• GIVEN MATERIAL:

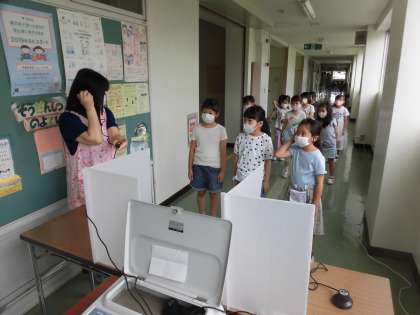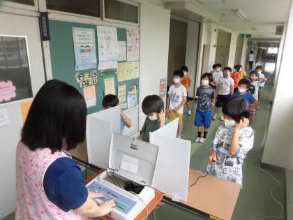 2年生の教室のある同じフロアの教育相談室前で、検査の仕方の説明を聞き、順番に検査を受けています。
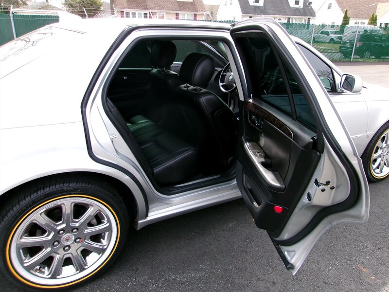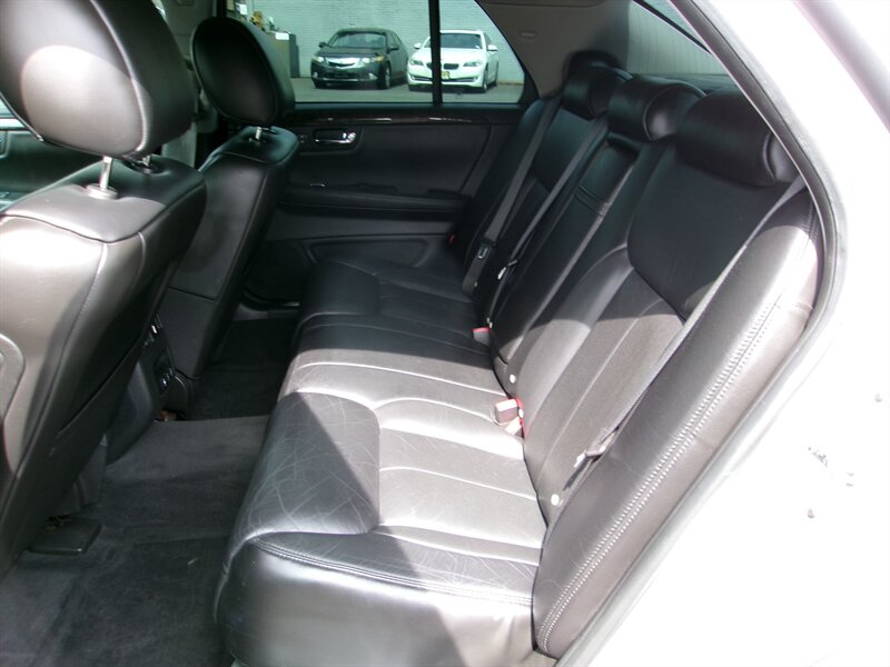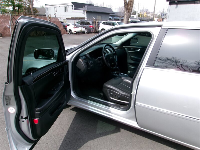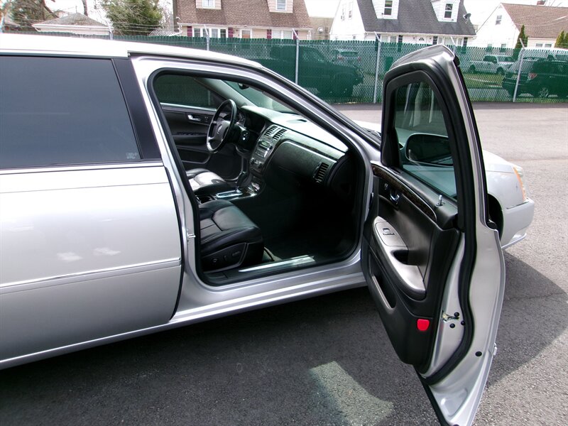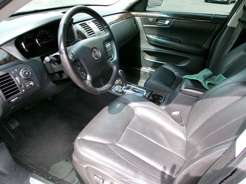 2009 Cadillac DTS Luxury 6-Passenger in Radiant Silver with an Ebony leather interior, in excellent overall condition. Factory-equipped with a 4.6L V8 and automatic transmission, this DTS features a six-passenger seating layout (front seating configured for three) trimmed in Ebony leather and finished with wood accents. Standard luxury and convenience items include power-adjustable, heated front seats with driver memory, leather-wrapped tilt/telescoping steering wheel with audio controls, dual-zone automatic climate control, power windows/locks/mirrors, remote keyless entry, cruise control and a premium Bose audio system with CD and auxiliary inputs plus Bluetooth hands-free capability.
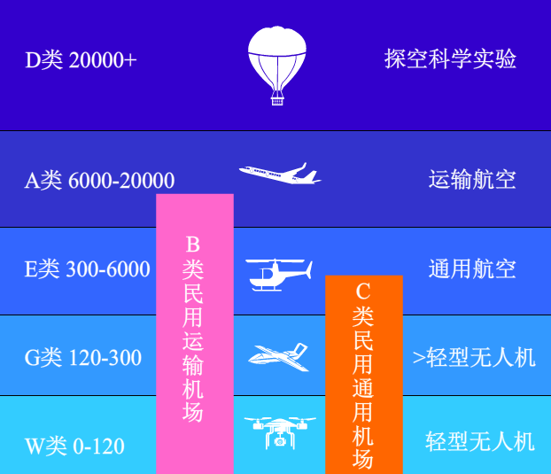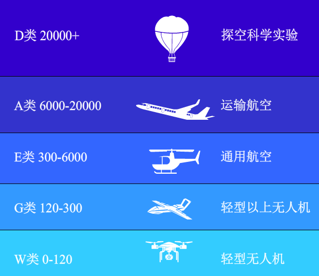 G类 真高120-300米多用于电动垂直起降航空器(eVTOL)、物流、巡检等行业类无人机飞行。

• EXERCISE DETAILS: All that is wanted is the lines from the one holding "2009 Cadillac DTS" through the end of the material, duplicated exactly, with no pictures.

• EXERCISE RESPONSE:
 2009 Cadillac DTS Luxury 6-Passenger in Radiant Silver with an Ebony leather interior, in excellent overall condition. Factory-equipped with a 4.6L V8 and automatic transmission, this DTS features a six-passenger seating layout (front seating configured for three) trimmed in Ebony leather and finished with wood accents. Standard luxury and convenience items include power-adjustable, heated front seats with driver memory, leather-wrapped tilt/telescoping steering wheel with audio controls, dual-zone automatic climate control, power windows/locks/mirrors, remote keyless entry, cruise control and a premium Bose audio system with CD and auxiliary inputs plus Bluetooth hands-free capability.
 G类 真高120-300米多用于电动垂直起降航空器(eVTOL)、物流、巡检等行业类无人机飞行。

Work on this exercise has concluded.